Vaish Associates Advocates View
This judgement will have a significant impact on the status of operational creditors as it places the operational creditors at the same pedestal as financial creditors who form part of the committee of creditors. For the first time, the NCLAT also dealt with profit generated during the CIRP and held that the same should be distributed amongst all the creditors on pro-rata basis of their claims subject to the fact that it should not exceed the admitted claim.The NCLAT in this judgment criticized the committee of creditors for deciding the distribution of money to the creditors and reiterated that this is the duty and responsibility which vests with the resolution applicant. The NCLAT further stated that the formation of sub-committee/ core committee to renegotiate the terms of the plan are against the provisions of law and any delegation of power to such committees shall be invalid.

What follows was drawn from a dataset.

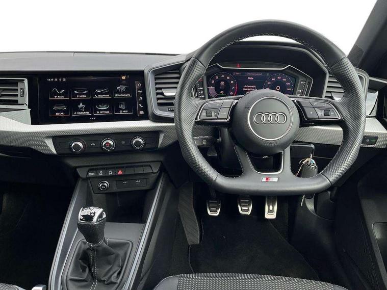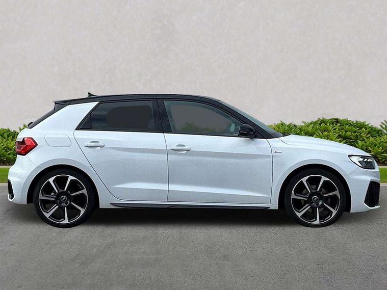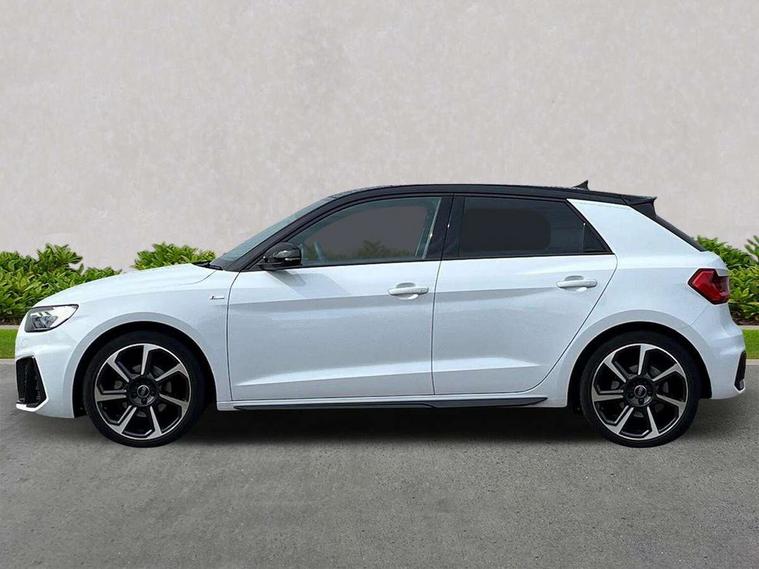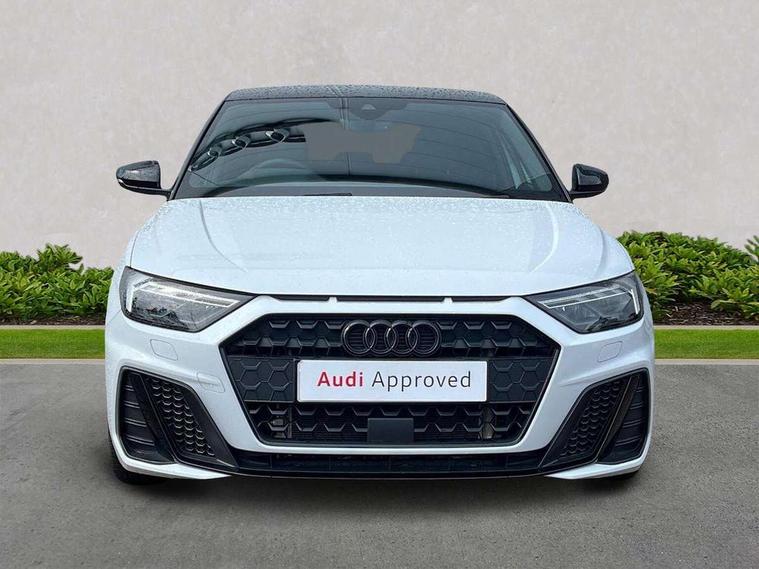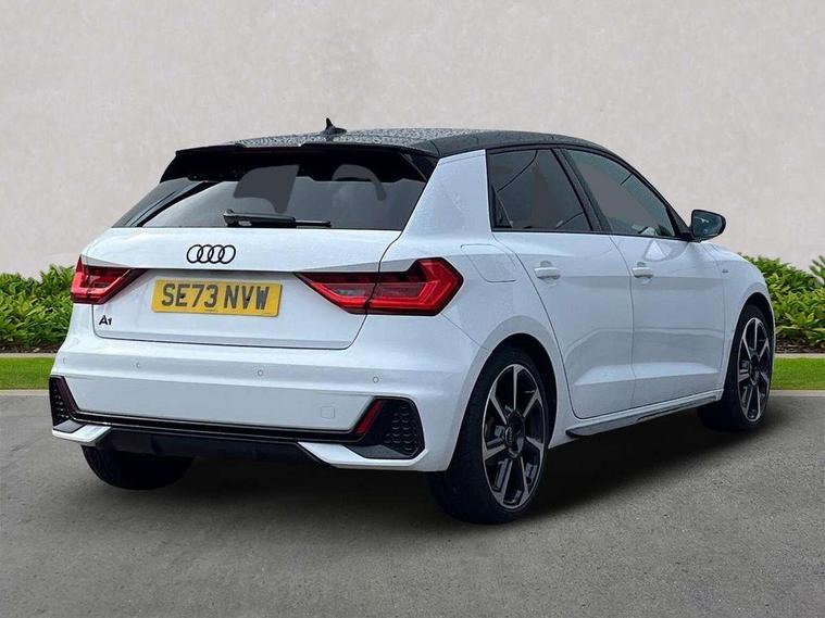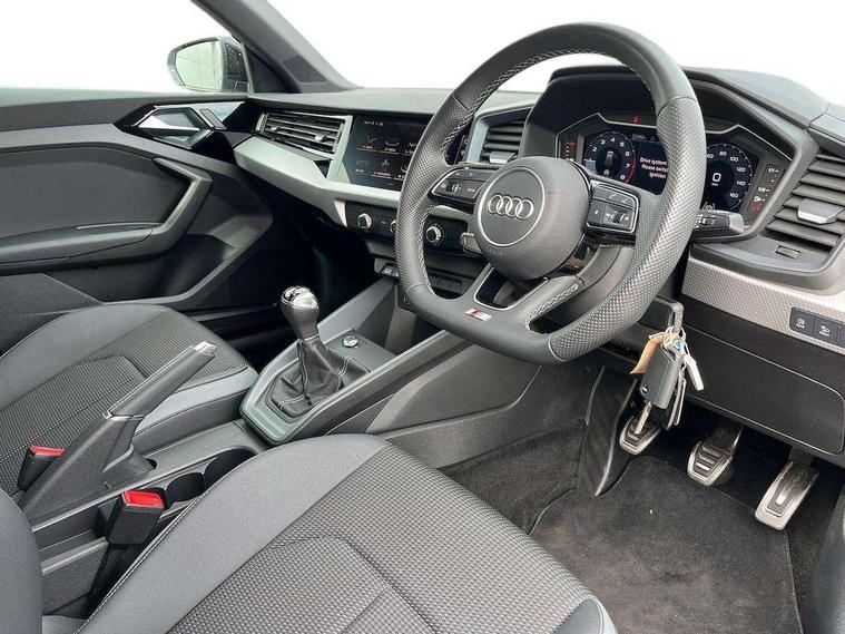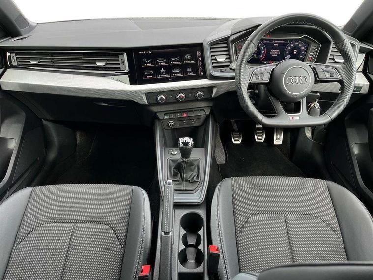 Aluminium trim for control switches, air vents and digital instrument cluster, Silver grey inlays polygon structure in diamond paint finish, Structured grey accent areas including air vents, door handle recesses and centre console in quartz paint finish, Black styling pack - A1 Sportback Black Edition, LED interior lighting pack - A1, Luggage compartment pack - A1, 18" 7 spoke rotor design alloy wheels in gloss anthracite black, diamond cut finish, Anti theft alarm, Anti theft wheel bolts and loose wheel warning, Audi pre-sense front with pedestrain and cyclist recognition, Immobiliser, Remote central locking with 2 foldaway keys, 1 x SDXC card reader, 1 x USB type C and 1 USB type A charging points, DAB Digital radio, MMI radio plus with 8.8" colour MMI display screen and MMI touch, 3x3 point rear seatbelts, Brake assist function, Driver and front passenger airbag with front side and head airbags, Electronic Stability Control including ABS, EBD, ASR and EDL, Front and rear seatbelt reminder, Front passenger airbag deactivation switch, Hill hold assist, Seatbelt height adjustment for front seats, Seatbelt monitoring, Tyre pressure warning light, Warning triangle and first aid kit, Auto dimming rear view mirror, Black door mirrors, Black side skirts, Door sills with aluminium inlays and S Line logo, Electric front and rear windows, Electrically adjustable, heated, folding door mirrors with integrated LED side indicator, Front side air inlets in grained matt black and C frame in titanium black, Heat insulating glass windscreen and side windows, Heated rear windscreen, LED headlights with LED rear lights + dynamic rear indicators + headlight adjustment and high beam, turning light + LED daytime running lights, Radiator protective grille frame in matt aluminium silver, Rain and light sensors, Rear fog lights, Rear wiper, Side front spoiler lips in grained matt black, 12V socket in centre console with two cup holders, 3 rear seats with headrests, 3 spoke flat bottomed multi-function plus leather steering wheel with S badging, grips in preforated leather and contrast stitching, 40:60 Split folding rear seat or folded fully, Black cloth headlining, Driver and passenger seat with manual height adjust with forward and backwards adjustment, Front and rear black floor mats with contrast stitching in fine silver, Front head restraints, Height and reach adjustable steering wheel, ISOFIX child seat mounting for front passenger and outer rear seats including top tether attachment point of outer rear seats, Leather gear knob with aluminium trim, Luggage compartment light with front and rear reading lights, Manually adjustable lumbar support in front seats, Stainless steel pedals, 10.25" Digital instrument cluster display classis style instrument dials + speed, odometer, time, outside temperature, telephone menu + fuel level warning, Audi connect safety emergency and service including E-call, Audi drive select - power steering assistance + engine, Audi smartphone interface with connect compatible smartphone via USB directly MMI display + Nav, music, third party apps controlled via MMI controller, Automatic start/stop system, Bluetooth interface, Cruise control, Driver's information system, Electromechanical power steering, Lane departure warning system, Rear parking sensor, Service interval indicator, Speed limiter, Voice control system, Washer fluid level indicator, Sports suspension,

It will be interesting to note the fate of this judgment in the pending appeals filed before the Supreme Court. Further in light of this judgement, the Government has acted swiftly and moved an amendment to the Code in respect of the primacy of secured creditors over unsecured creditors in recovery of their dues and setting strict timelines for the resolution and litigation process. Moreover, the amendment proposes to vest the power with committee of creditors in respect of commercial decisions on distribution of funds to various classes of creditors as against the aforesaid judgement of NCLAT, where the NCLAT has given such power to the resolution applicant. The proposed amendments will help in cutting legal delays and help banks to recover more dues and boost India’s credit market for future growth.